▶ _DATA TO PROCESS_
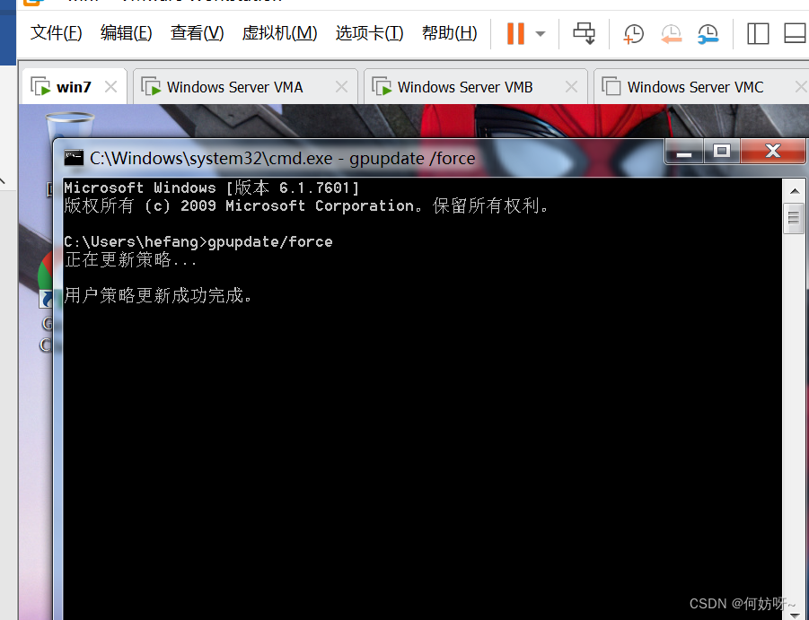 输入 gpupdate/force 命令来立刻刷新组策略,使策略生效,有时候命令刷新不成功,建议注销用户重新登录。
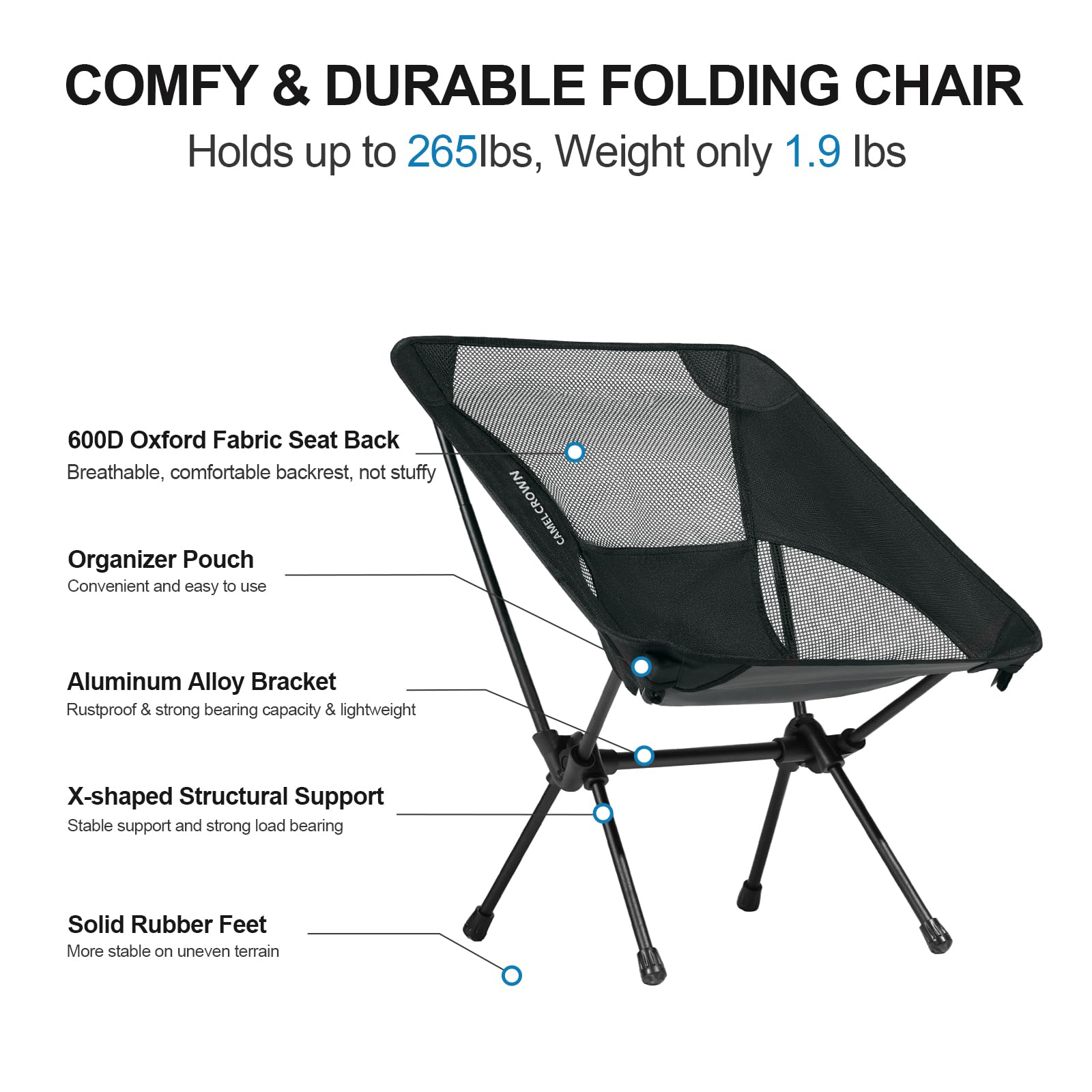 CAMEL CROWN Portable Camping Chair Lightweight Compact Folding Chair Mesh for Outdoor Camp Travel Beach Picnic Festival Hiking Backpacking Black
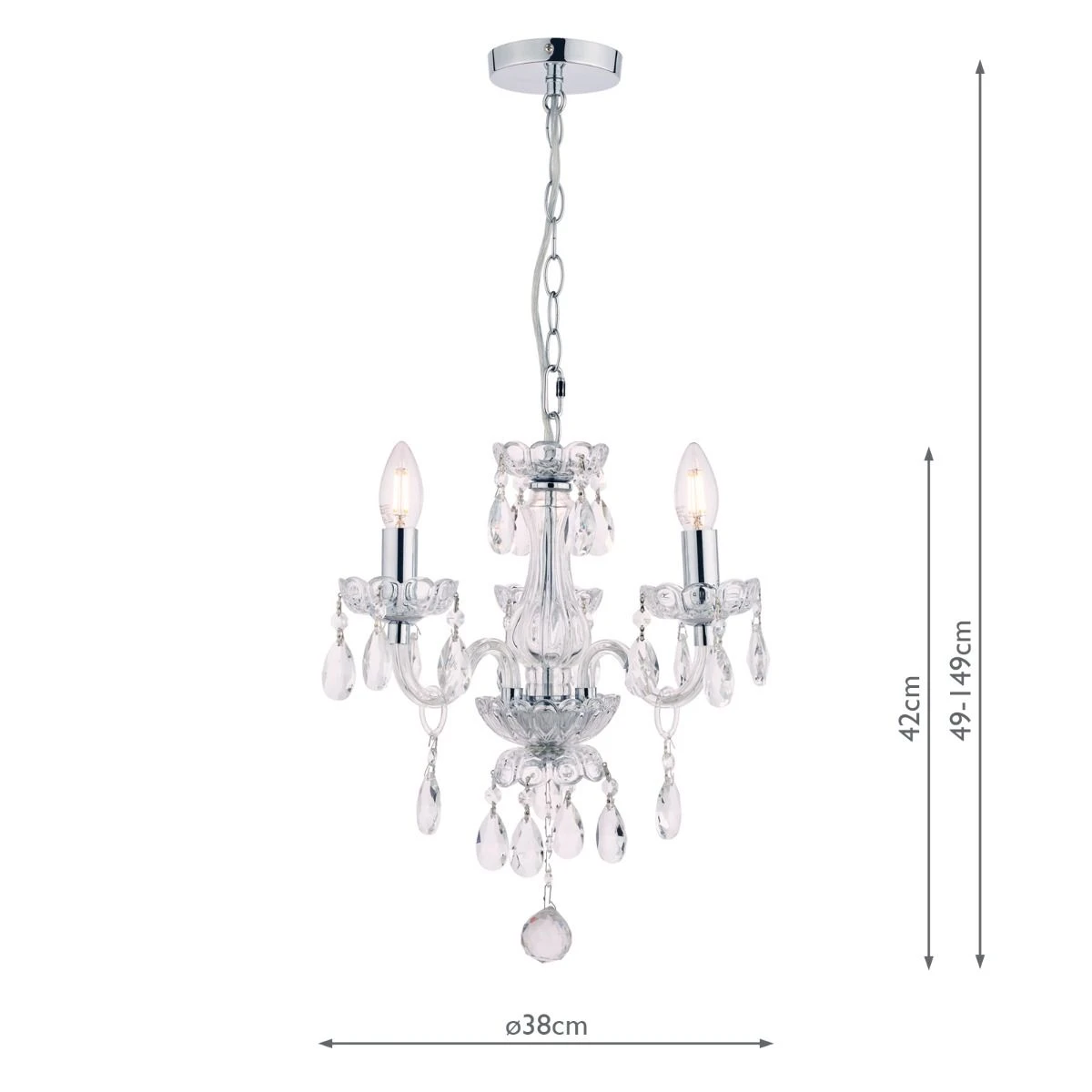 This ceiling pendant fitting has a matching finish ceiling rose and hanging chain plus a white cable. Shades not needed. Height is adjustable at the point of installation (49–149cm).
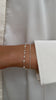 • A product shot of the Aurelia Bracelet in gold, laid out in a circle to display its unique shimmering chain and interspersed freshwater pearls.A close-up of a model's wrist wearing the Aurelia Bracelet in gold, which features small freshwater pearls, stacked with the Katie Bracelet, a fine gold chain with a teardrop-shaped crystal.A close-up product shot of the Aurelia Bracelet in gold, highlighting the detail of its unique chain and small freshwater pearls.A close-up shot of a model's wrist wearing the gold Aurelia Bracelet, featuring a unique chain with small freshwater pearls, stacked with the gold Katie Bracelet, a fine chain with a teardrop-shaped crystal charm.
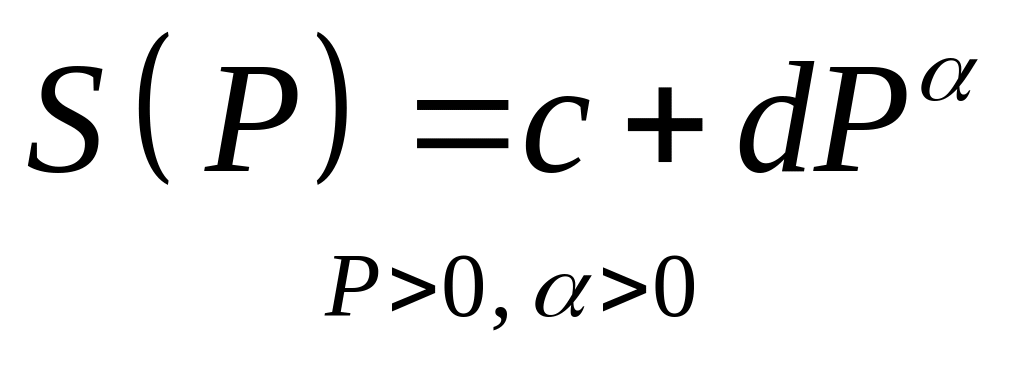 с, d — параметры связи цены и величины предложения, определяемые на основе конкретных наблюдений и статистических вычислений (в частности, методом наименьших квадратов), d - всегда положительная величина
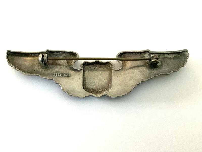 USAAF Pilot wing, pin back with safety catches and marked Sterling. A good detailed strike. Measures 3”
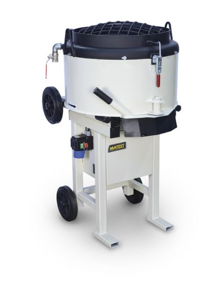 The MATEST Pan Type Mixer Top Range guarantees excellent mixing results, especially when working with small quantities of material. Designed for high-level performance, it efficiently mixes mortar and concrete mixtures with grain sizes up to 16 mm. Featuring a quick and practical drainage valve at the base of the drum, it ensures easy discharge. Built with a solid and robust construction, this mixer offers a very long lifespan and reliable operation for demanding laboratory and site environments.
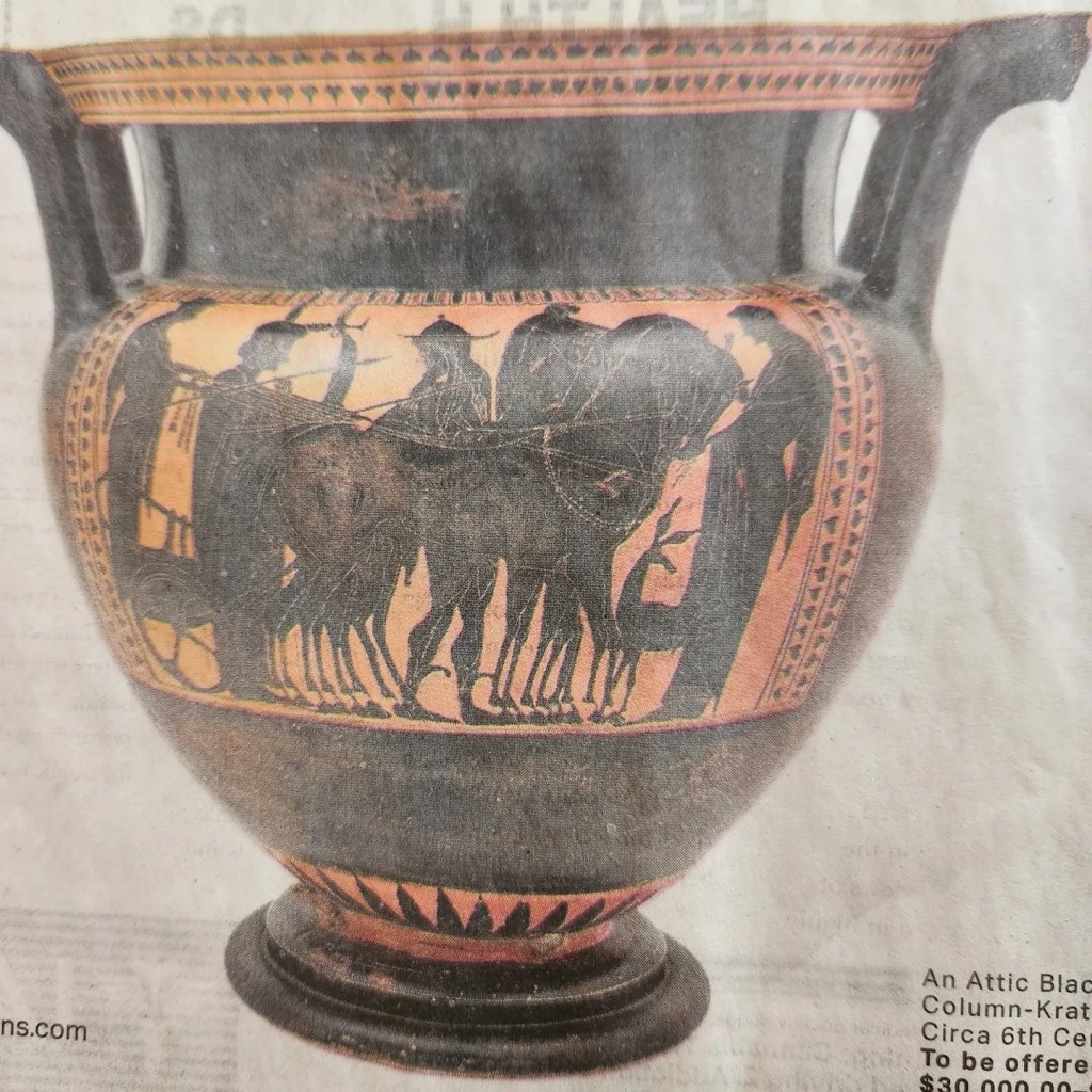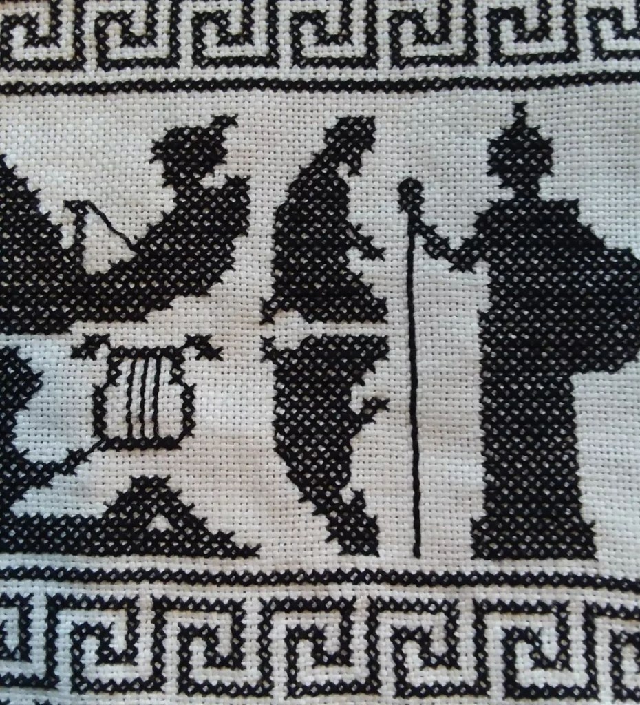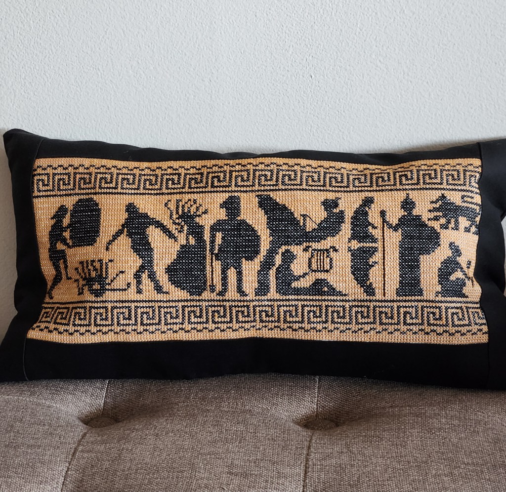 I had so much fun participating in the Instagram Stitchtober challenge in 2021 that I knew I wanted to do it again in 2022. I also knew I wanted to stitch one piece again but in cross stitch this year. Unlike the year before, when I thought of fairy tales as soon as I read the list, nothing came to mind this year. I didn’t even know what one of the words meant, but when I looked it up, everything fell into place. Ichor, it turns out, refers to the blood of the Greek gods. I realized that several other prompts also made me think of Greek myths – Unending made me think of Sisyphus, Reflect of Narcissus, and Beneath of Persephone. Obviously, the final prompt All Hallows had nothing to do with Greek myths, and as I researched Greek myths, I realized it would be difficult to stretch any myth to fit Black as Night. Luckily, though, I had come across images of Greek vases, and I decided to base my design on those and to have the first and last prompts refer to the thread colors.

▶ _EXERCISE OBJECTIVE_
Only the lines from the beginning of the listing up to and including the line with "The MATEST Pan" should appear in the reply, copied word for word and free of pictures.

▶ _FINAL ANSWER_
 输入 gpupdate/force 命令来立刻刷新组策略,使策略生效,有时候命令刷新不成功,建议注销用户重新登录。
 CAMEL CROWN Portable Camping Chair Lightweight Compact Folding Chair Mesh for Outdoor Camp Travel Beach Picnic Festival Hiking Backpacking Black
 This ceiling pendant fitting has a matching finish ceiling rose and hanging chain plus a white cable. Shades not needed. Height is adjustable at the point of installation (49–149cm).
 • A product shot of the Aurelia Bracelet in gold, laid out in a circle to display its unique shimmering chain and interspersed freshwater pearls.A close-up of a model's wrist wearing the Aurelia Bracelet in gold, which features small freshwater pearls, stacked with the Katie Bracelet, a fine gold chain with a teardrop-shaped crystal.A close-up product shot of the Aurelia Bracelet in gold, highlighting the detail of its unique chain and small freshwater pearls.A close-up shot of a model's wrist wearing the gold Aurelia Bracelet, featuring a unique chain with small freshwater pearls, stacked with the gold Katie Bracelet, a fine chain with a teardrop-shaped crystal charm.
 с, d — параметры связи цены и величины предложения, определяемые на основе конкретных наблюдений и статистических вычислений (в частности, методом наименьших квадратов), d - всегда положительная величина
 USAAF Pilot wing, pin back with safety catches and marked Sterling. A good detailed strike. Measures 3”
 The MATEST Pan Type Mixer Top Range guarantees excellent mixing results, especially when working with small quantities of material. Designed for high-level performance, it efficiently mixes mortar and concrete mixtures with grain sizes up to 16 mm. Featuring a quick and practical drainage valve at the base of the drum, it ensures easy discharge. Built with a solid and robust construction, this mixer offers a very long lifespan and reliable operation for demanding laboratory and site environments.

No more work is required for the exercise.